Good Time Girls of the Alaska-Yukon Gold Rush: Secret History of the Far North
ISBN: 0945397763
EAN13: 9780945397762
Language: English
Pages: 352
Dimensions: 1.00" H x 9.00" L x 6.00" W
Weight: 1.00 lbs.
Format: Paperback
Book Overview
In the boomtowns of the Alaska-Yukon stampedes, where gold dust was common currency, the rarest commodity was an attractive woman, and her company could be costly. Author Lael Morgan takes you into the heart of the gold rush demimonde, that half world of prostitutes, dance hall girls, and entertainers who lived on the outskirts of polite society. Meet Dutch Kate Wilson, who pioneered many areas long before the respectable women who received credit for getting there first ... ruthless heartbreakers Cad Wilson and Rose Blumkin ... French Marie Larose, who auctioned herself off as a wife to the highest bidder, Georgia Lee, who invested her earnings wisely and became one of the richest women in the North, and Edith Neile, called the Oregon Mare, famous for both her outlandish behavior and her softhearted generosity.
Editor Reviews
From the Back Cover History has long ignored many of the earliest female pioneers of the Far North - the prostitutes and other disreputable women who joined the mass pilgrimage to the booming gold camps of Alaska and the Yukon at the turn of the century.
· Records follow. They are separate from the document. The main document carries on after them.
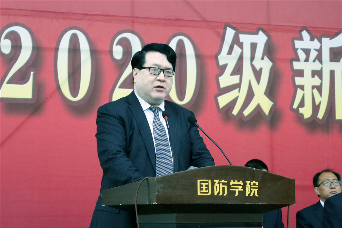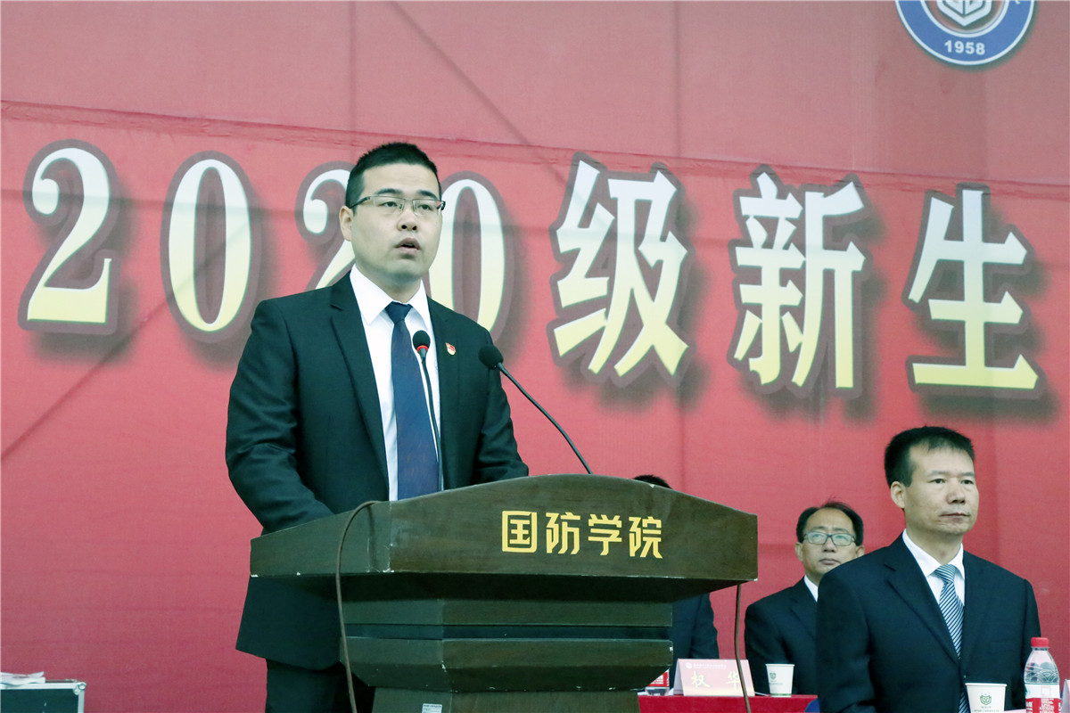 军训团团长韩文涛对参训师生提出了要求和希望,强调了国防教育的重要性以及军训的意义,并给各营授旗。副院长全卫强宣读了2020级新生入学工作安排。
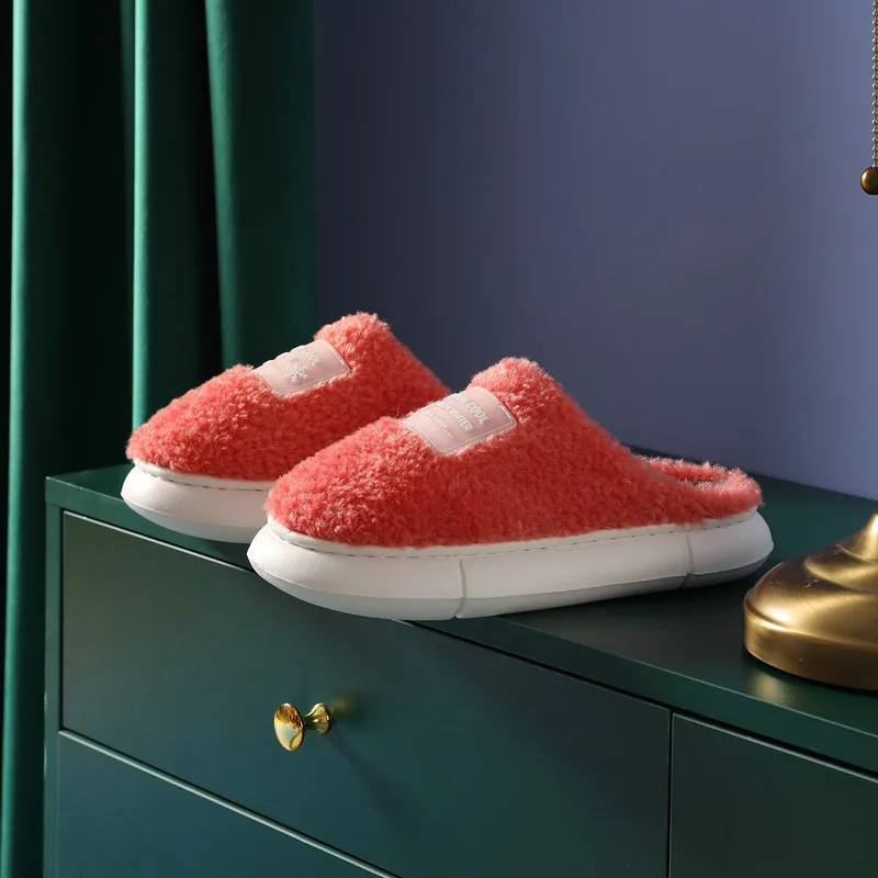 Шлепанцы женские зимние водонепроницаемые, меховые плюшевые шлепанц...
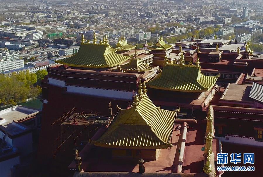 修繕后的布達拉宮金頂群(11月7日無人機拍攝)。
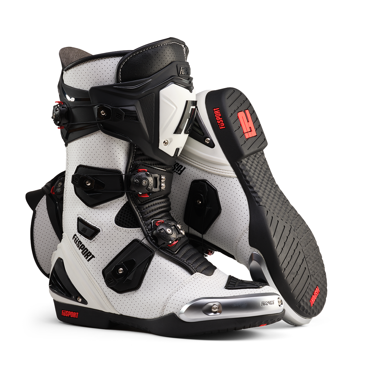 The all NEW XR1 or Xtreme Rennen Motorcycle boots are the top-of-the-line, CE Safety Approved race boot from Füsport. Currently on the feet of world champions, these motorcycle boots not only cater to the ranks of track day riders. But extend their prowess to meet demands of the highest levels of competition. Meticulously crafted and rigorously tested with a keen focus on top-tier racing. The design reflects a commitment to elevating both safety and comfort. Each decision in the design process is a stride towards enhancing the rider’s experience, allowing the riders peace of mind as they navigate the twists and turns of the Racetrack. These boots stand as a testament to the pursuit of excellence. Ensuring that those who wear them not only feel the part but also perform at the top of their capabilities on the race track. The new F.I.A.S (Füsport Internal Articulation System) allows the rider great feel without skimping on protection. This articulated ankle protection has been 5 years in the making, with each passing year dedicated to analyzing feedback, refining materials, and enhancing the protective capabilities of the ankle support. The XR1 features a new Füsport Rotor Closure system (F.R.C.S) with ratchet closure fasters across three points that tightens the boot around the calf, ankle and forefoot. This along with the F.I.A.S makes it one of the safest boots on the market. Equipped with a Tri-Compound sole, the three zones of grip maximize control on the bike and longevity in the pits, being resistant to Water, Oil and Petrol. To top it off, all removable parts on the XR1 are replaceable to increase the life of the XR1 boots. Sizes: 39 EU – 48 EU Colours: Stealth (All Black) Black/Dark Grey/Fluro White/Black/White Grey/Black/White
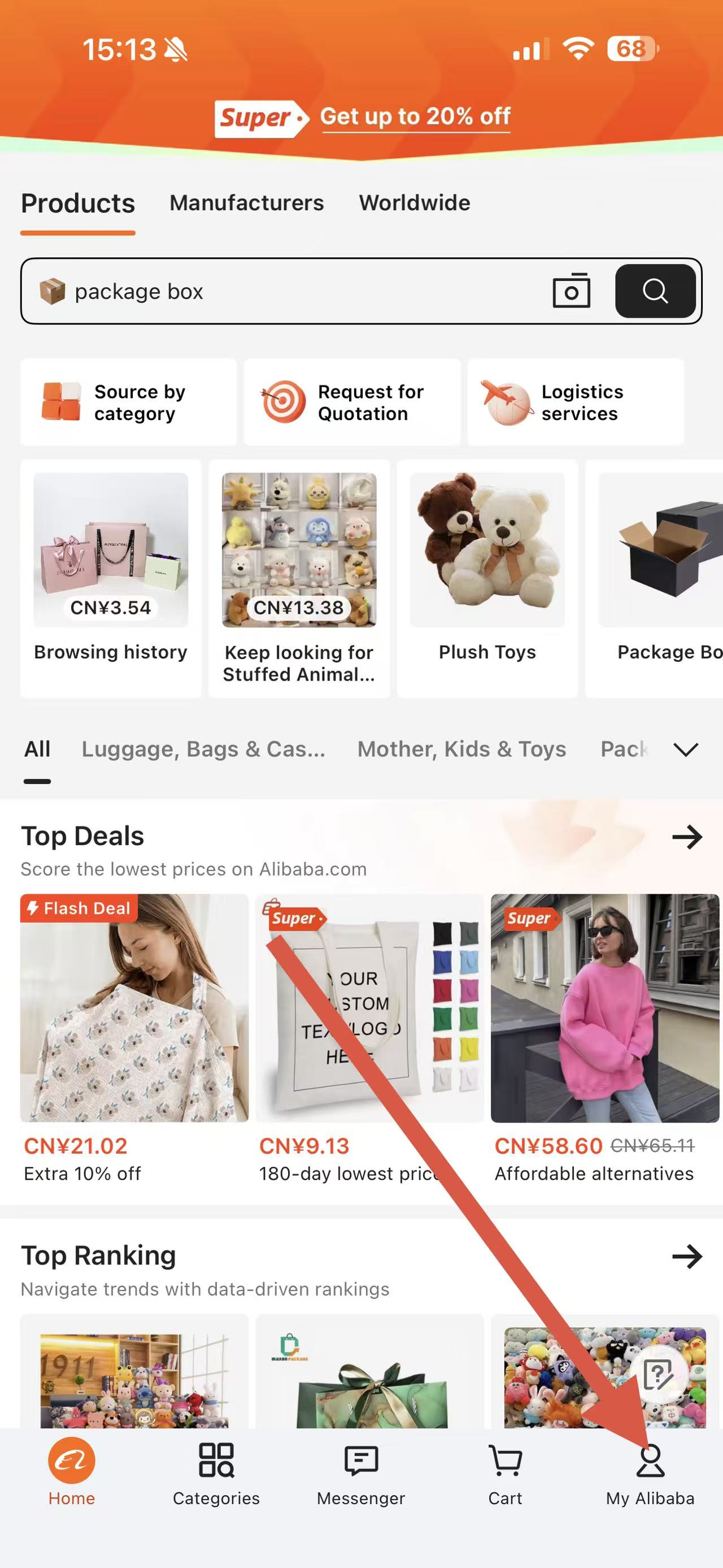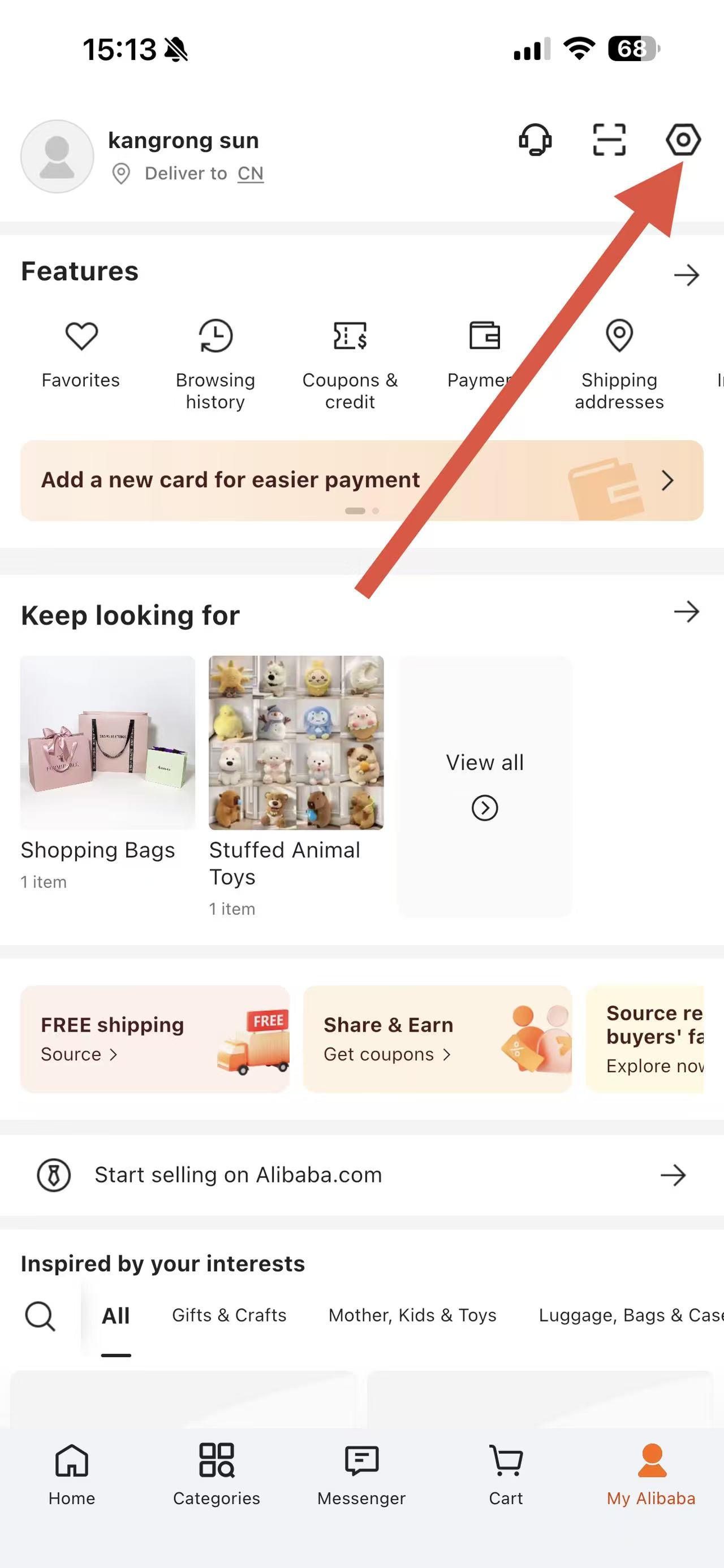 1、打開(kāi)阿里巴巴國(guó)際站APP,點(diǎn)擊底部導(dǎo)航欄中的My Alibaba進(jìn)入個(gè)人頁(yè)面。

Leaving behind their hometowns and most constraints of the post-Victorian era, the good time girls crossed both geographic and social frontiers, finding freedom, independence, hardship, heartbreak, adn sometimes astonishing wealth. These women posessed teh courage and perseverance to brave a dangerous journey of more than a thousand miles, into a harsh wilderness where men sometimes outnumbered them more than ten to one. Many of these women later became successful entrepreneurs, wealthy property owners, or the wives of prominent citizens; one former prostitute married the mayor of Fairbanks and hosted a visit from President Warren G. Harding. Their influence changed life in the Far North forever. Lael Morgan offers an authentic, sympathetic, poignant, and often deliciously humorous account of women wh were extraordinarily independent even by today's standards.